Of the 100 manually reviewed ECGs with QTc intervals longer than 450 ms but that did not contain QT prolongation by the gold standard determination, 32 had a bundle branch block; 24 had various ST segment or T wave abnormalities; 24 had an arrhythmia, aberrant complexes, or a pacemaker; and 23 had myocardial ischemia or infarct. No ECG impression contained textual comments directly suggesting QT prolongation. Only 4 ECGs had no significant electrocardiographic abnormalities that could not alter calculation of the QT interval.

Table 4 shows concept findings over the entire database for several other queries that are potential targets for decision support or clinical research questions. Asserted concepts are the predominant category across each of these concepts and negated concepts are rare (between 1–7% of each diagnosis).

Discussion

We studied the application of a concept-based, natural language processing system to identify QT prolongation within cardiologist-generated ECG reports. The performance of the NLP system had near perfect precision and recall when compared to a human reviewer. Furthermore, seven of the nine false negatives were easily fixed by revising the query to include overlooked synonyms and concepts. The regular expression query also performed similarly in identifying QT prolongation, and provides a simple, scalable method to identify QT prolongation from ECGs. However, the dedicated string query does not detect qualifiers such as negation, produced more false positives, and lacks the generalizability to other conditions offered by the NLP method. Both textual queries performed far superior to commonly used ECG machine-reported QTc thresholds for diagnosing QT prolongation, which had positive predictive values ranging from 6–25%. A manual review of ECGs with prolonged QTc values but no “QT Prolongation” concept in the impression suggested that the QTc threshold approach often fails because of other waveform abnormalities such as bundle branch blocks, pacemakers, or arrhythmias. Cardiologists are trained to take coexisting waveform abnormalities into account when reviewing the ECG tracing, which likely accounts for the discrepancy between the NLP method and the QTc method. An automated system employing NLP analysis of ECG impressions was much more accurate at identifying QT prolongation than machine-reported intervals.
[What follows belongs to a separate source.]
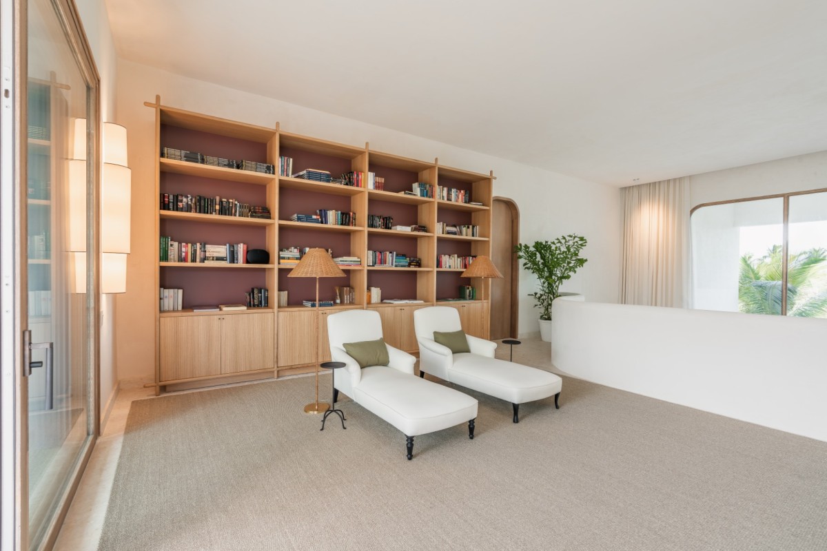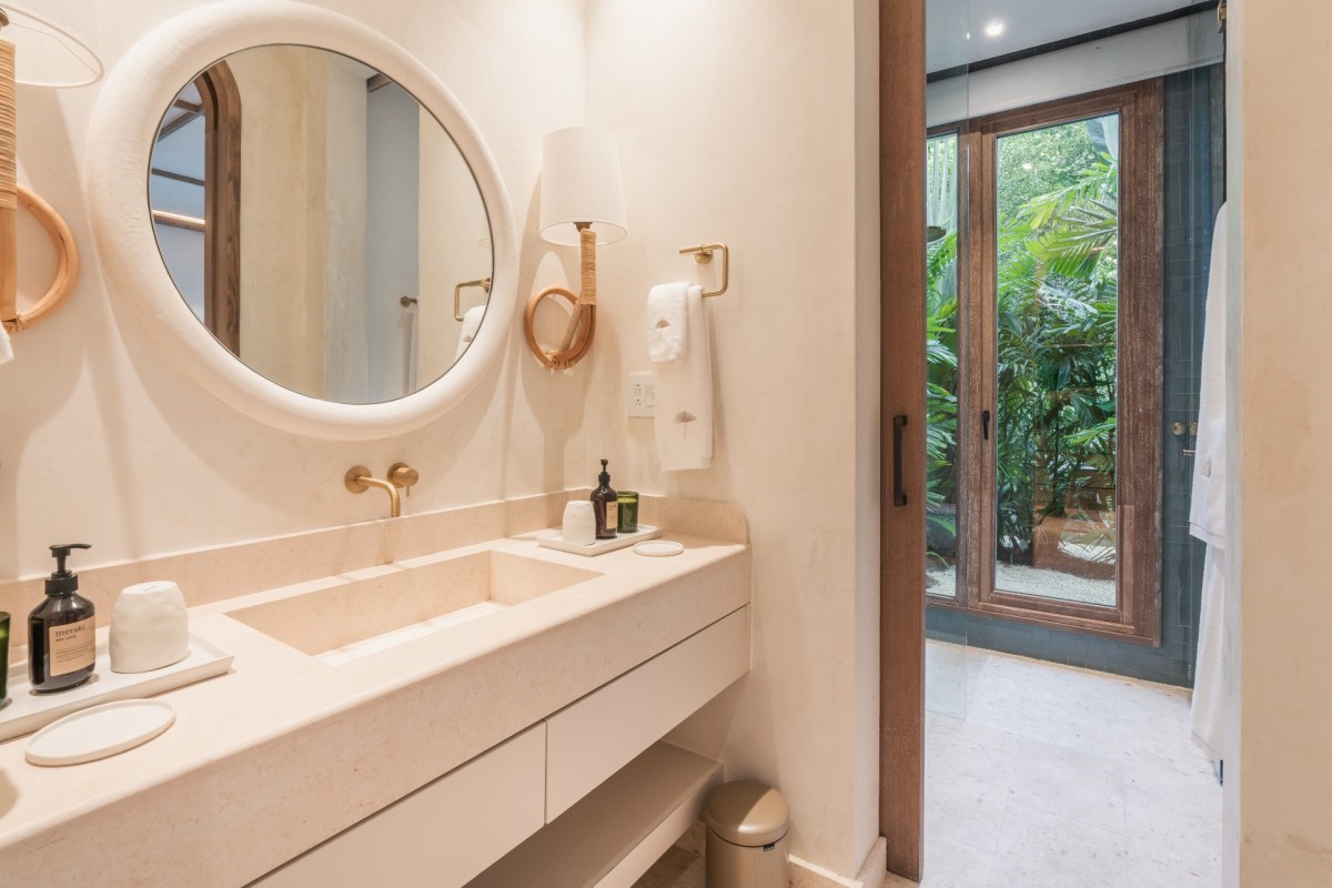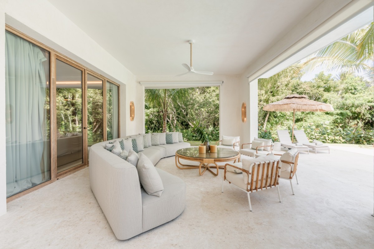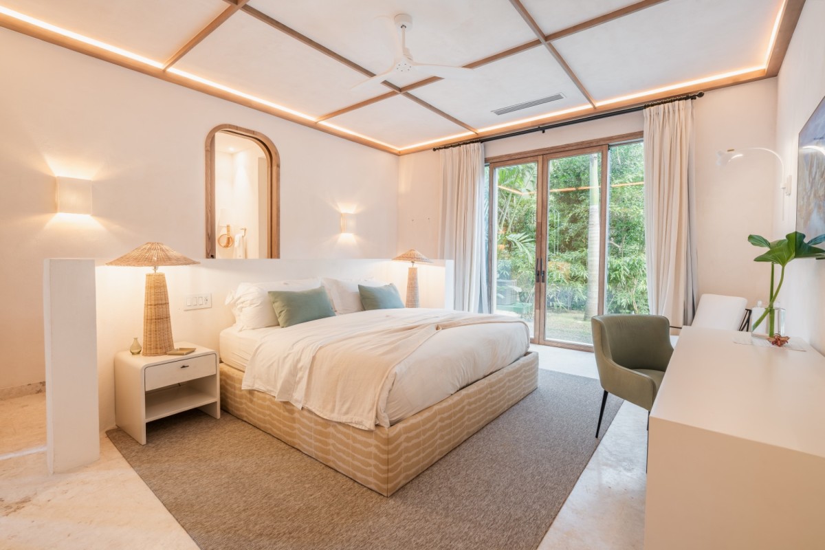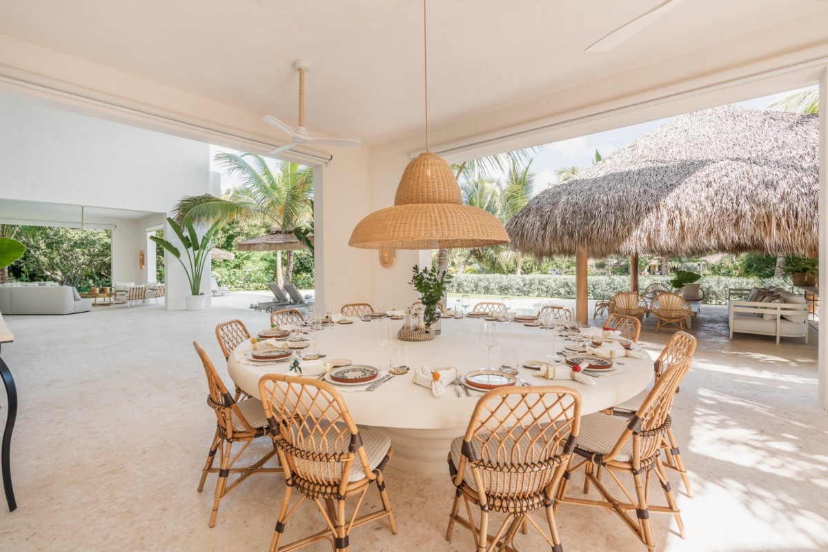 Inside, Villa Samán features seven luxurious suites, each equipped with its own private bathroom. Elegant design elements, including graceful curved staircases and a picturesque interior courtyard, enhance the villa’s charm. Guests can enjoy al fresco dining in the outdoor dining area, surrounded by lush gardens and vibrant tropical plants—ideal for evening gatherings and memorable meals under the stars.

The high performance of the NLP system required highly accurate concept identification. Negation within ECG impressions overall was rare, including only one instance of a QT prolongation concept. When applied to all UMLS concepts, NegEx marked only 1.9% of all concepts as negated and 7.7% as possible. Negation detection was not important for correctly classifying ECG impressions with QT prolongation; however, Table 4 demonstrates that other concepts, such as myocardial infarction and ST segment elevation, are often negated or qualified as “possible.” A general purpose NLP tool to parse ECG impressions for some decision report applications would require a highly accurate negation tagger. The NegEx negation algorithm performed well in detecting negation within this dataset with a recall of 97.3% and a precision of 98.2%. The probability of a concept the system identified as positive truly being positive was 0.998. The high recall and precision of negation detection in this dataset is likely due to a constrained vocabulary and the relative simplicity of the ECG impression sentences compared to prior studies evaluating NegEx in other clinical document types, which had recalls of 78–97% and precisions of 85–91%[25, 28, 32].

Analysis of negation detection for QT prolongation revealed the algorithm incorrectly identified three concepts as negated. Each of these negation failures involved an inappropriate negation assignment to a separate independent clause, indicating the utility of a more complex negation detection algorithm such as presented by Huang and Lowe[35], Elkin et al.[28, 33], or Mutalik et al.[32] The NegEx algorithm used in this experiment used a rather simple “negation window” technique that assigns negation status to any word occurring within a certain distance before or after a negation phrase. This simplification caused some errors in our dataset. A more advanced algorithm would use a syntactic parse of the sentence, recognizing the presence of prepositions or coordinating conjunctions to correctly size the negation window.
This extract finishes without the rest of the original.